ALTERED CARBON DİZİ TANITIMI VE YORUMU :
Genel bilgi ve dizinin konusu :
Altered Carbon 2002 yılında Richard K. Morgan tarafından yazılmış bir tür cyberpunk romanı aslında.(cyberpunk’ın ne olduğunu bu vesile ile öğrenmiş oldum ).
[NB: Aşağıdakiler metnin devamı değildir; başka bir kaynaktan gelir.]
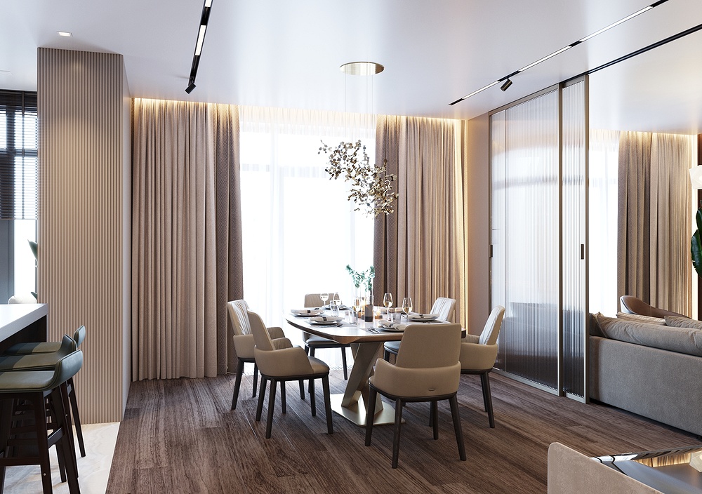 Одной из особенностей этого проекта стала большая гостиная, совмещенная с кухней и обеденной зоной – это дает возможность наслаждаться чувством простора, и даже при большом количестве деталей, интерьер остается очень лаконичным.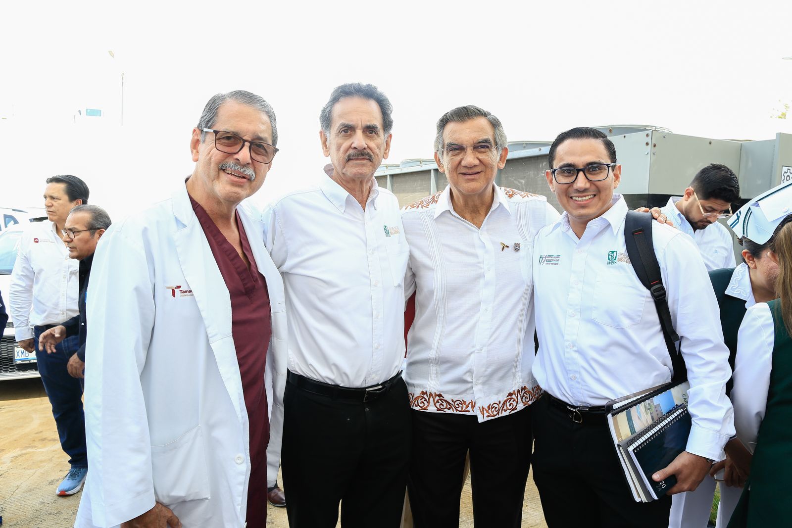 Acompañaron al gobernador en estos recorridos, Vicente Joel Hernández Navarro, secretario de Salud en Tamaulipas; Marggid Rodríguez Avendaño, coordinador estatal del IMSS-Bienestar; y Joaquín Juárez Durán, director del hospital Canseco.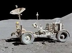 Um veículo que pudesse operar na superfície da Lua já tinha sido considerado pela NASA no começo da década de 1960 mas, o primeiro astromóvel da história foi o soviético Lunokhod 1, não-tripulado e controlado remotamente a partir da Terra, em 1970.[49][50][51] Uma das primeiras versões estadounidenses foi chamada de MOLAB e possuía uma cabine fechada que teria pesado 2,7 toneladas; alguns protótipos menores chegaram a ser testados no Arizona. Uma veículo tão grande foi considerado desnecessário quando ficou claro que a NASA não estabeleceria uma base lunar. Um veículo mesmo assim iria ajudar as missões J, que se concentrariam em ciência, porém sua massa foi limitada a 230 quilogramas e ainda não estava claro que um veículo tão leve poderia ser útil. A NASA só foi decidir seguir adiante com a ideia do veículo em maio de 1969, enquanto a Apollo 10, o ensaio geral para a primeira alunissagem, estava voltando para a Terra. A Boeing conseguiu um contrato por administração para construir três veículos; estouros de orçamento, principalmente no sistema de navegação, elevaram o custo dos três veículos para quarenta milhões de dólares. Este valor chamou muito a atenção da mídia em uma época em que o público estava cansado do programa espacial e o orçamento da NASA estava sendo cortado.[52]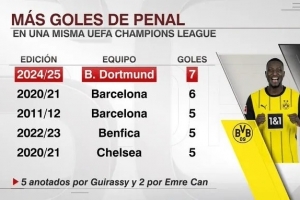 據(jù)ESPN統(tǒng)計,多特本賽季歐冠通過點球打進7球,創(chuàng)造歐冠歷史單賽季點球進球紀錄。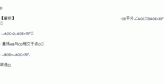 如图,直线AB、CD相交于点O,OE平分∠AOC,若∠AOE=35°,则∠BOD的度数是( )
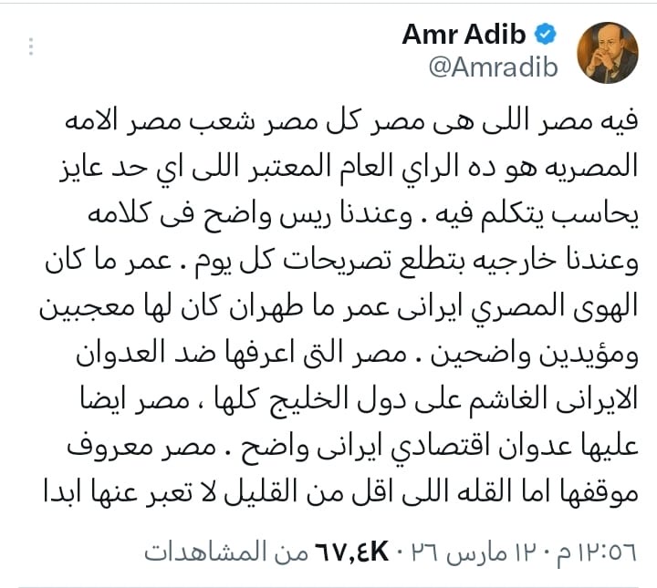 واختتم: "مصر التى أعرفها ضد العدوان الإيرانى الغاشم على دول الخليج كلها، مصر أيضا عليها عدوان اقتصادي إيرانى واضح، مصر معروف موقفها، أما القلة اللى أقل من القليل لا تعبر عنها أبدا".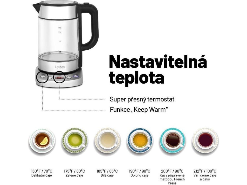Teplota presne, ako má byťLauben Electric Kettle EK17GS je dizajnová rýchlovarná konvica s nastaviteľnou teplotou ohrevu vody a Keep Warm funkciou. Možnosť nastavenia teploty vody v kuchyni určite oceníte. Potrebujete zalejeť zelený čaj? Už nikdy nemusíte čakať, až voda vychladne, stačí si preferovanú teplotu zvoliť na prehľadnom LCD displeji.
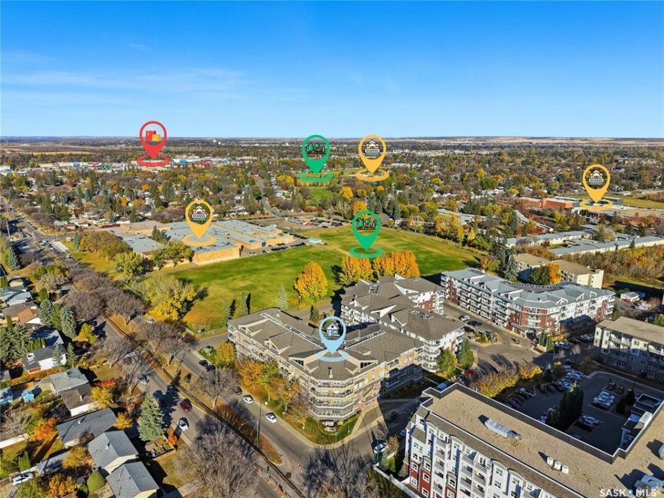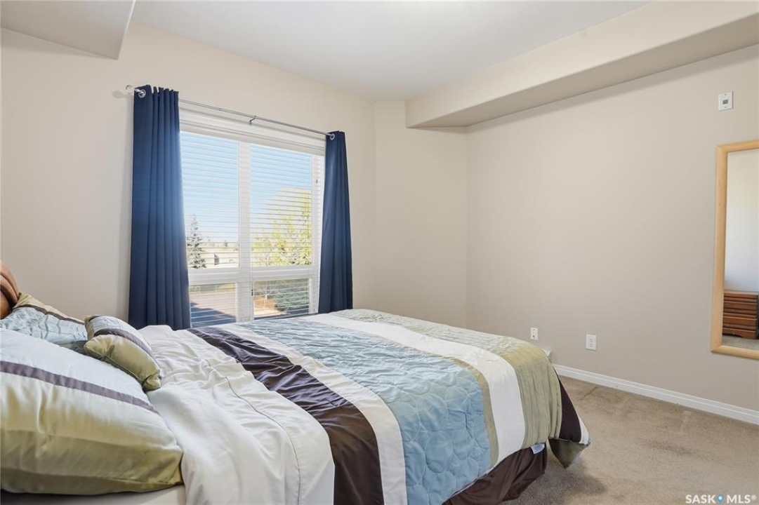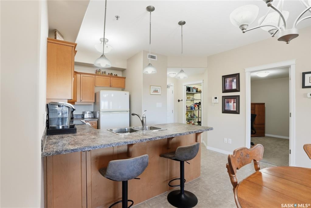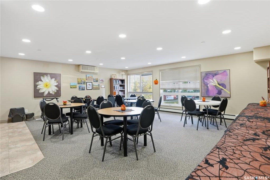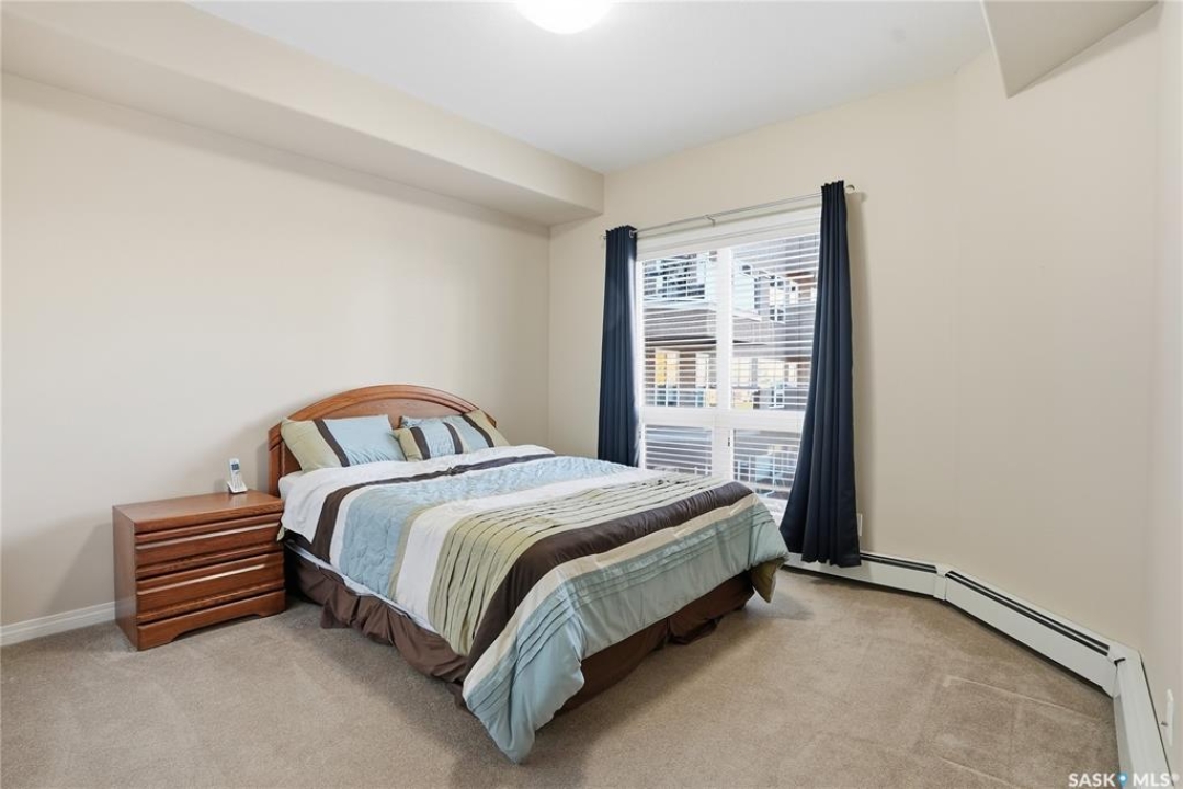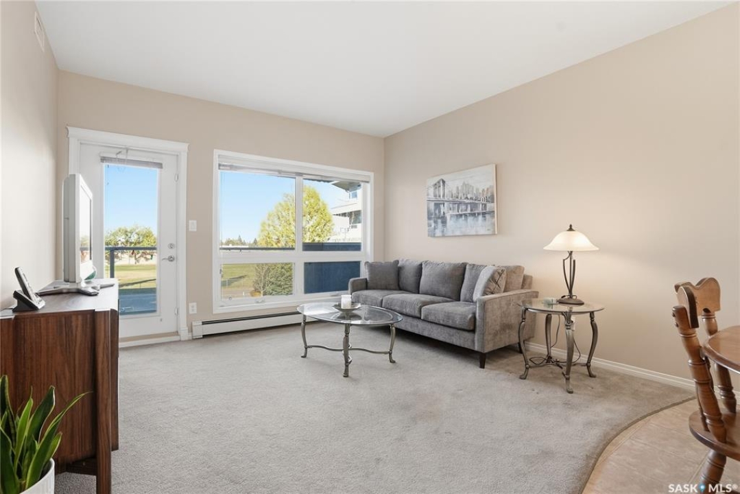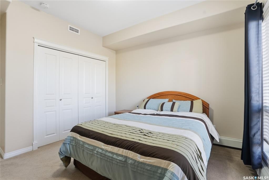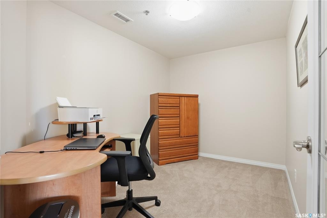 Excellent layout, location & pride of ownership with this 1 bed + den condo at Dover Heights with central A/C, in-suite laundry & storage, underground parking & close proximity to Market Mall & many amenities. This well-designed suite offers a bright & open feel with 9' ceilings, open-concept living room, dining space & kitchen with peninsula breakfast bar, natural wood-tone cabinetry with under-cabinet lighting. Efficient use of space with lots of room for entertaining guests & family. Generously-sized balcony facing trees & open park space, featuring a natural gas hookup for your BBQ. Spacious main bedroom along with a den that's amply sized for use as a home office or guest room. The underground parking stall features a generously-sized self-contained storage room for your convenience. Features of the condo commons include an amenities room, elevator service to all levels of the building, exercise area, visitor parking, & wheelchair-accessible entrances. Well-managed condo association & reserve fund with pride in the building amongst its residents. Heat, water, snow removal & exterior building maintenance included in the condo fees of approximately $394/month. An excellent & affordable condo perfect for those looking to downsize!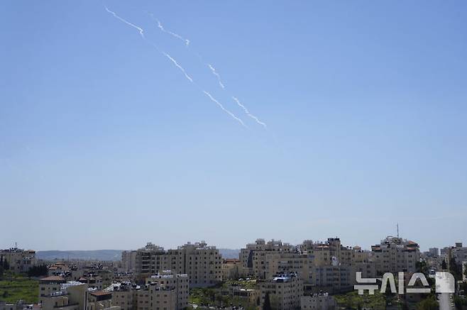 [라말라=AP/뉴시스] 27일(현지 시간) 요르단강 서안지구 라말라에서 이스라엘의 방공 시스템 아이언돔이 예멘발 미사일을 요격하기 위해 발사되고 있다. 2025.03.28.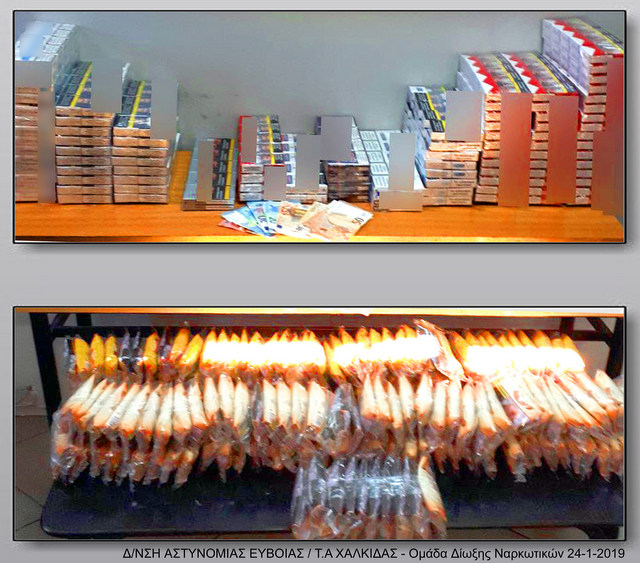 Συνολικά 170 συσκευασίες με ποσότητα αδασμολόγητου καπνού, συνολικού βάρους 8 κιλών και 500 γραμμαρίων, καθώς και 480 λαθραία πακέτα τσιγάρων, διαφόρων μαρκών, που περιείχαν συνολικά 9.600 τσιγάρα.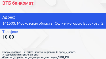 ВТБ, банкомат по адресу 141503, Московская область, Солнечногорск, Баранова, 2 в дальнейшем Организация, размещена в следующих категориях: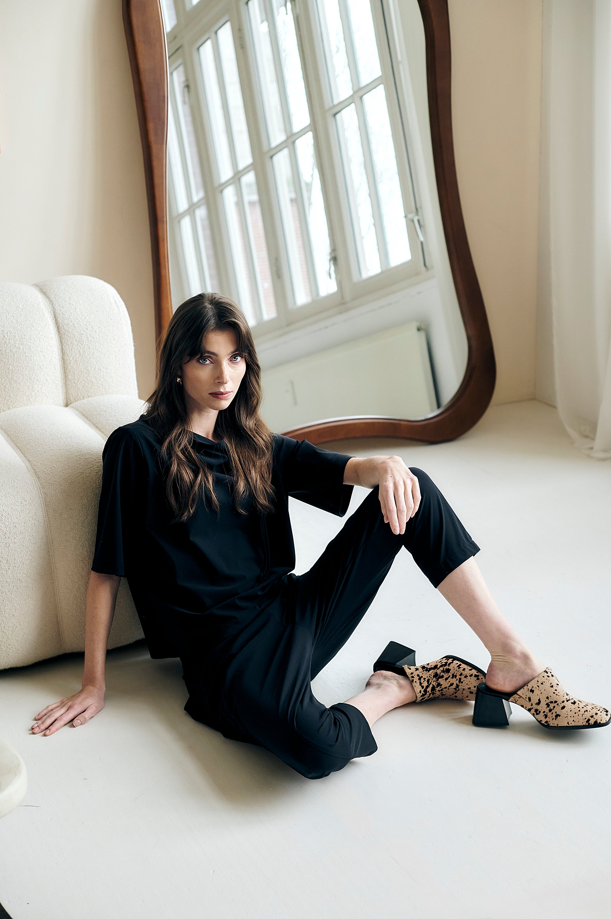 De Jamaica Top Technical Jersey van Jane Lushka is een moderne interpretatie van casual elegantie. Gemaakt in Italië van zachte technische stretchjersey, heeft deze top een losse pasvorm en een hoge hals met trekkoord, wat een sportieve maar stijlvolle uitstraling geeft. Met halflange mouwen en een minimalistisch silhouet is het een perfecte keuze voor comfortabele, chique looks.

Netflix tarafından dizi haline getirildi ve ilk sezonu yayınlandı.
Altered Carbon’da konu günümüzden yüzyıllar sonrasında geçiyor, bu dönemde insanlar farklı farklı gezegenlerde yaşıyor ancak izlediğimiz olaylar Dünya’da geçiyor. Her bilimkurguda olduğu gibi çok gelişmiş bir teknoloji ile karşı karşıyayız ancak asıl buluş ‘’bilinç aktarımı‘’ denilen olay, bu sayede insan zihinleri farklı bedenlere çok kısa bir süre içerisinde aktarılabiliyor veya daha sonrası için korunabiliyor, yedeklenebiliyor.Kısacası eğer yeterli imkanlara sahipsen gerçek ölüm diye bir şey yok.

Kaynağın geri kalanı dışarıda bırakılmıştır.